Все взоры к нему. У дамочек — бинокли. Этот маленький человечек — главное действующее лицо. Моисеенко не торопится с вопросом. Прежде чем спросить, отирает ладонью рот, облокачивается на барьер, все это размягченно, и вдруг как бы вонзает прямой взгляд в свидетеля — от такого взгляда или правду сказать, или отвернуться.
— Известно ли свидетелю, что фабрика Тимофея Морозова находится в чересполосном владении с фабрикой Викулы Морозова? Были ли какие-либо разрушения у Викулы? — Голос спокойный, ясный, ровный.
— Прошу меня извинить. — Баскарев делает легкий поклон в сторону спрашивающего. — Я действительно упустил из вида тот факт, что у Викулы Морозова не было тронуто, что называется, ни одной щепки. Я просто поражался таким отношением народа к чужому добру.

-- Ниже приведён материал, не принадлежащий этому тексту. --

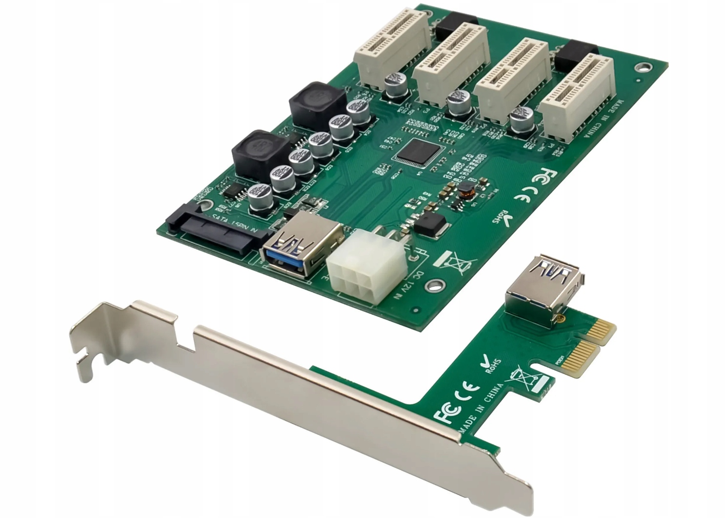 Набор для расширения для PCI-X1 до 4x PCIE-X1 является хост-контроллером пакетного переключателя PCIE, с одним портом PCI-X1 Gen2 до 4 PCIE-X1 GEN2 PART. Он может быть расширен до 4 портов PCIe X1, чтобы подключить различные устройства PCIe для использования большего количества портов PCIe на материнской плате.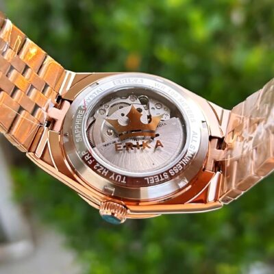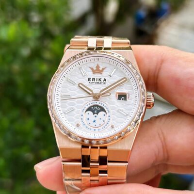 Erika Land Dweller là tuyên ngôn của sự lịch lãm, một kiệt tác cơ khí đến từ thương hiệu Erika. Chiếc đồng hồ size 40mm quốc dân này tỏa sáng với thiết kế thanh lịch, nổi bật bởi mặt số vân tinh xảo và kính Sapphire cao cấp. Ẩn bên trong là bộ máy cơ tự động Miyota 8215 bền bỉ, được bao bọc bởi vỏ Thép không gỉ 316L mạ PVD sang trọng. Với khả năng chống nước lên tới 100m, Erika Land Dweller khẳng định tinh thần sẵn sàng chinh phục mọi thử thách.Không chỉ là đồng hồ, mà còn là trợ thủ đắc lực của người đàn ông thành công và tinh tế. Erika Land Dweller sẽ mang tới sự thỏa mãn cho người mang nó trên tay.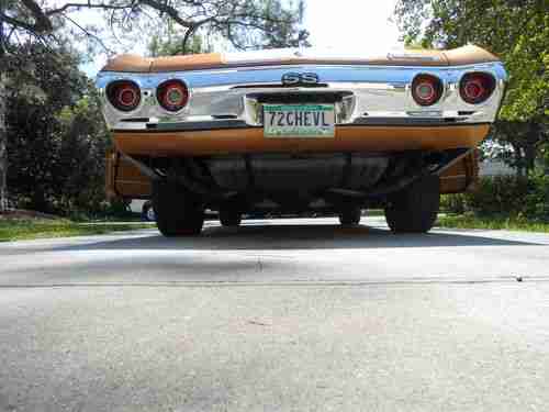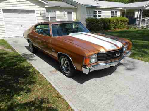 This car was sold to the original owner by Jordan Chevrolet in 1972, located, at that time, in Timmonsville, SC. The dealership is no longer in business. The original owner had bought the car while living in Darlington, SC. She passed away without heirs or a will and her entire estate went up for auction in February 2005. I went to the auction in hopes that this car would worthy of bidding on, and I was right. I bought the car at the auction as the highest bidder. I drove the car home without any problems. It showed 10K miles on the odometer, and I'm sure it had turned over one time. But, I bought the car because it was in fantastic condition, had no signs of rust or having ever been wrecked, and it was whole and all there. As soon as I got the car home, I began a 2 year restoration. Since I've owned it, I've driven it 30K miles. So, it currently shows 40K miles, which is more than likely 140K miles. I started a restoration on the car begining with the drive train and running gear. The engine was professionally rebuilt by one of the top engine building machine shops in South Carolina. The dished 8.5 compression pistons were replaced with forged flat top 9.5 pistons, the cylinders were cleaned up, and all new bearings were replaced on the bottom end. The heads were freshened up with all new stainless steel valves, new springs, and, I've installed a Competition 270 Magnum Camshaft. It idles with a nice lope and it is crisp and responsive without hesitation or stumbling. The TurboHydramatic Three speed was professionally rebuilt and a new torque converter was installed. The entire front and rear suspension was rebuilt. A new 2 1/4 inch aluminized true dual exhaust system was installed with factory style low restriction high flow mufflers and factory chrome tips. The car rides on 15X8 inch Corvette Rallys and P235/60R15 BF Goodrich Radial Tires. The engine breathes through a GM Performance Parts cast iron Z/28 high rise intake and a 1970 Corvette 350 C.I. 350 HP Quardajet 4 barrel carburetor. It has a Pertronix electronic ignition unit in the factory distributor and the engine puts out a true 300 horsepower at the flywheel. The interior was redone in factory style and the carpeting was replaced. The factory installed AM radio is still in the dash and still works. All front sheet metal was replaced including new inner and outer fenders, a new domed hood, and a new trunk lid was installed. Both front and rear bumpers are new and most trim and molding has been replaced. All that is left to be done to the car should I keep it is to replace the sweep dash with an SS style dash, install a new sound system, and repair the factory air conditioning system. It is a numbers matching car and was repainted the factory color - Mojave Gold. I am selling the car because I feel I have reached the point with the money invested that I will not be able to get it back should in spend any more, and would like to take on a new investment. It rides very nicely and has won numerous awards at car shows. It gets a lot of attention and has been a joy to own. It runs on pump gas and sound very powerful. I have a true $25,000 in the car with what I paid for it and will negotiate a price close to that amount. Contact me @ 706-231-6380 to arrange viewing and bidding on the car.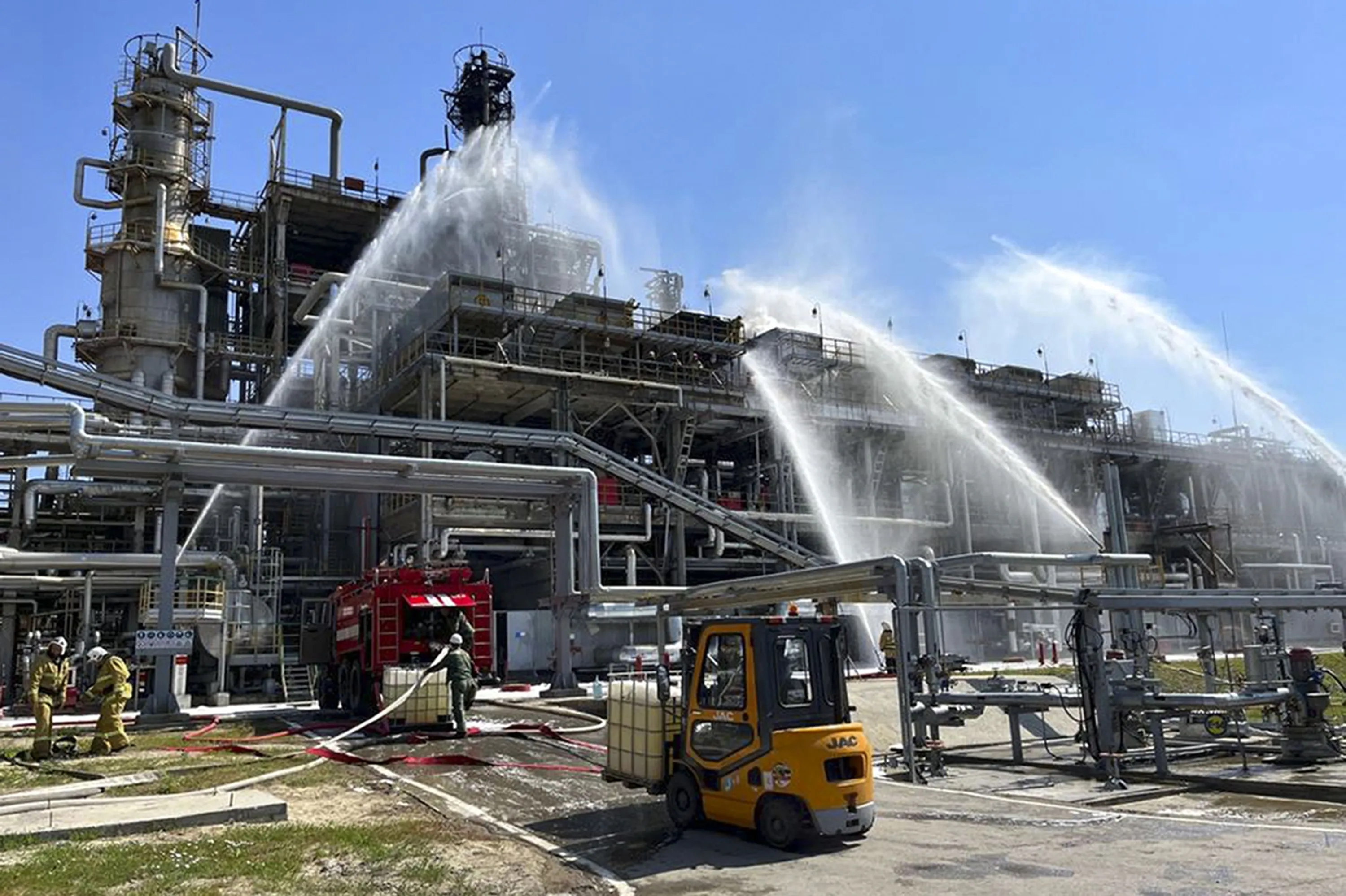 In this handout photo released by Russian Emergency Ministry Press Service, Russian Emergency Situation ministry's firefighters work at the scene of a fire at the Novoshakhtinsk oil processing plant in the Rostov-on-Don region in Russia, Wednesday, June 22, 2022. A drone strike caused a fire at a refinery in southwestern Russia near the border with Ukraine on Wednesday, but no one was hurt and the blaze was contained quickly, officials said. (Photo by Russian Emergency Ministry Press Service via AP Photo)
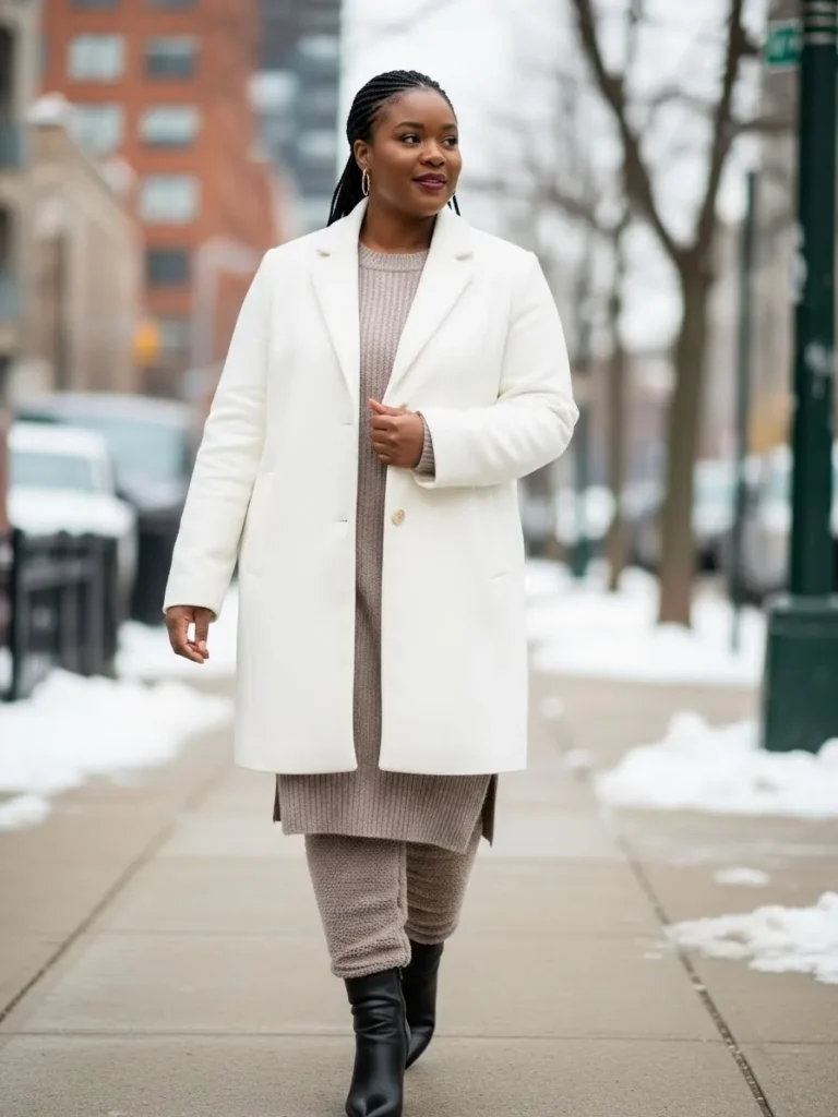 I love how this outfit feels put together without trying too hard. The mix of soft textures with bold boots creates a balance that flatters curves beautifully. I also adore how the long coat adds length while the white sweater brightens the whole look. It is the kind of winter outfit that makes me feel warm, confident and ready to glide through a cold day looking effortlessly elegant.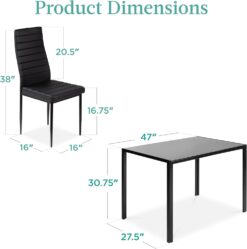 Best Choice Products 5-Piece Kitchen Dining Table Set for Dining Room, Kitchen, Dinette, Compact Space w/Glass Tabletop, 4 Faux Leather Metal Frame Chairs – Black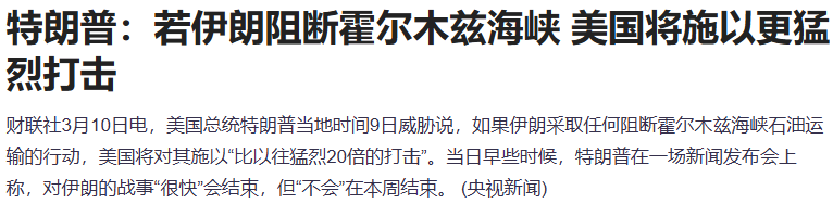 特朗普还表示,由于美国和以色列对伊朗的袭击造成市场动荡,他将取消一些与石油相关的制裁,以平抑油价。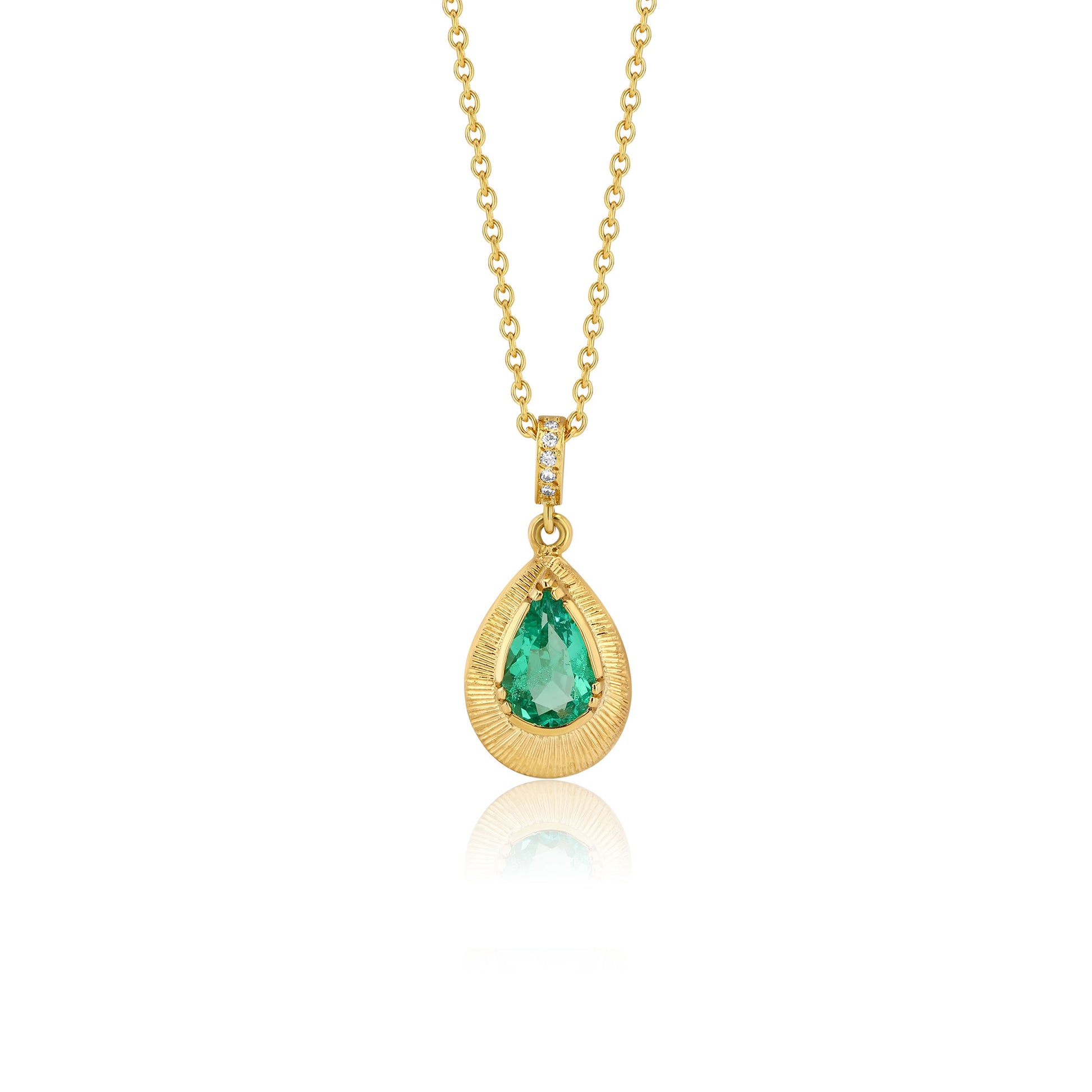One of a kind 18k gold emerald teardrop necklace with diamond bale.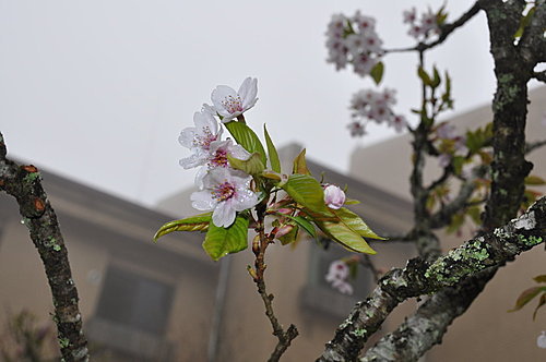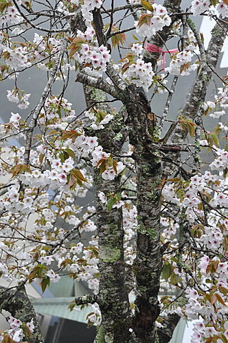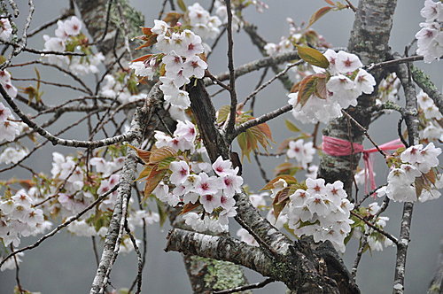 花樹旁立著[普賢象櫻],應是阿里山最後一波開放的櫻花,含苞中。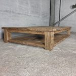 Dieser robuste Couchtisch Colmar hat ein zusätzliches unteres Regal und wurde von uns im Landhausstil entworfen, ist in eigene Werkstatt aus altholz Eiche hergestellt.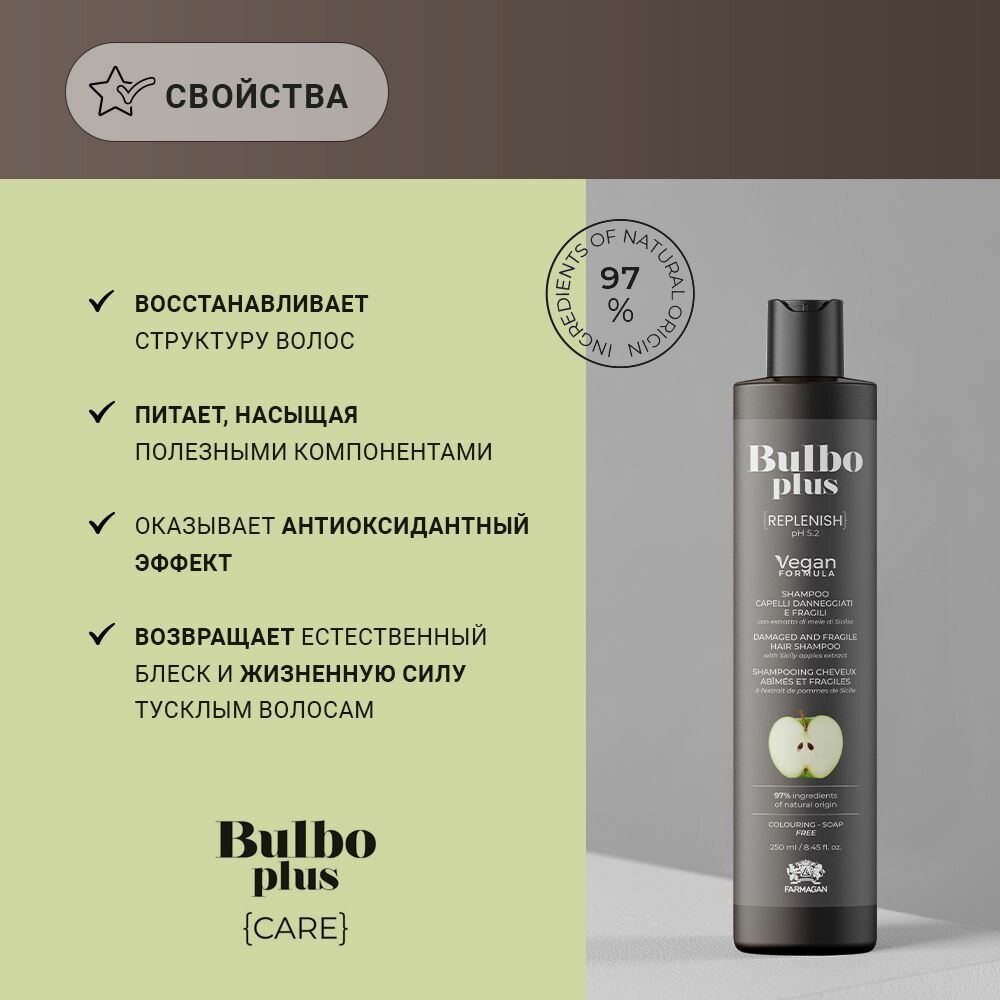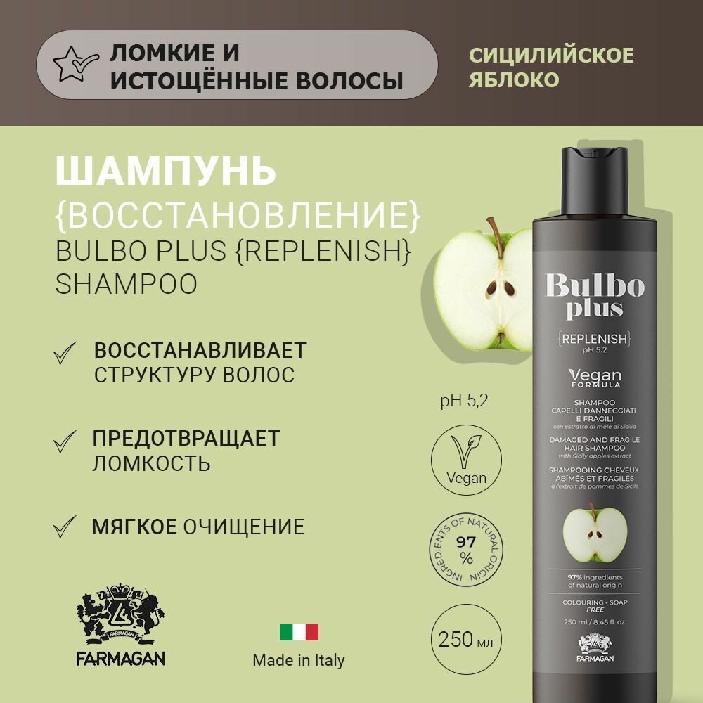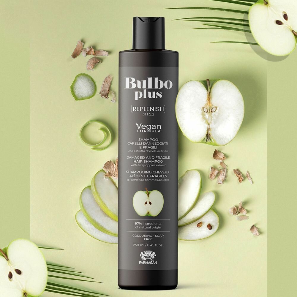 {СИЛА ПРИРОДЫ} Bulbo-это новая профессиональная линия Farmagan, созданная для естественного благополучия волос и кожи головы.Серия Bulbo PLUS-это cкорая помощь для сильно повреждённых волос.Farmagan Bulbo Plus Replenish Shampoo Шампунь Восстановление для поврежденных и ломких волос идеальный продукт для ослабленных и ломких волос. Деликатно очищает волосы. Благодаря экстракту сицилийского яблока увлажняет волосы, придает им мягкость.Пантенол в формуле обладает укрепляющими свойствами. Инозитол в составе является залогом роста волос и важной составляющей их красоты, незаменим при выпадении волос, при кожных раздражениях, смягчает, обладает кондиционирующим действием, облегчает расчесывание. Подходит для чувствительной кожи головы. Веганская формула - 97% ингредиентов натурального происхождения.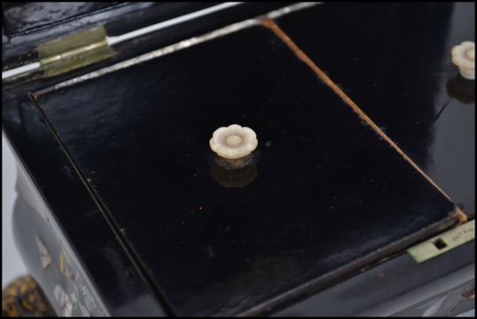 A 19th Century Victorian papier mache tea caddy with original interior, decorated with hand painted floral sprays and mother of pearl inlay. Measures 13cm high x 21cm wide x 14cm deep.

Вызывается директор Дианов.
— На наших фабриках условия, видимо, хороши. Я сказал «видимо». А на самом деле они просто хороши. Если Тимофей Саввич плохо печется о рабочих, то кто же хорошо? У нас великолепные общежития, у нас баня, больница, школа, библиотека… А рабочим все мало. Все мало! Если у нас плохо, так почему же на нашу фабрику стремятся люди буквально со всех губерний России?.. Да, Тимофей Саввич строг. Он поставил великую задачу — вывести русскую промышленность на мировой рынок. Мы с гордостью нынче говорим: товары Никольской мануфактуры выдерживают любую конкуренцию. Для такой задачи, господа, качество продукции, вы отлично понимаете, — основа основ. Штрафы — бич лентяев. Русского лентяйства! Для талантливых людей на нашей фабрике дорога открыта. Я сам пришел к Морозовым мальчиком в контору, а ныне — директор.
У защитника Шубинского вопрос:
— Быть может, свидетель компаньон фабриканта?
— Да.
— Скажите, кем было дано распоряжение поставить у дверей стражу седьмого января?
— Стража была поставлена потому, что нам было сказано одним из рабочих, что ткачи хотят забастовать, что у них договор — остановить рабочих и не пускать на фабрику.
— А для чего стража ваша была вооружена?
— Боялись, что рабочие учинят бунт.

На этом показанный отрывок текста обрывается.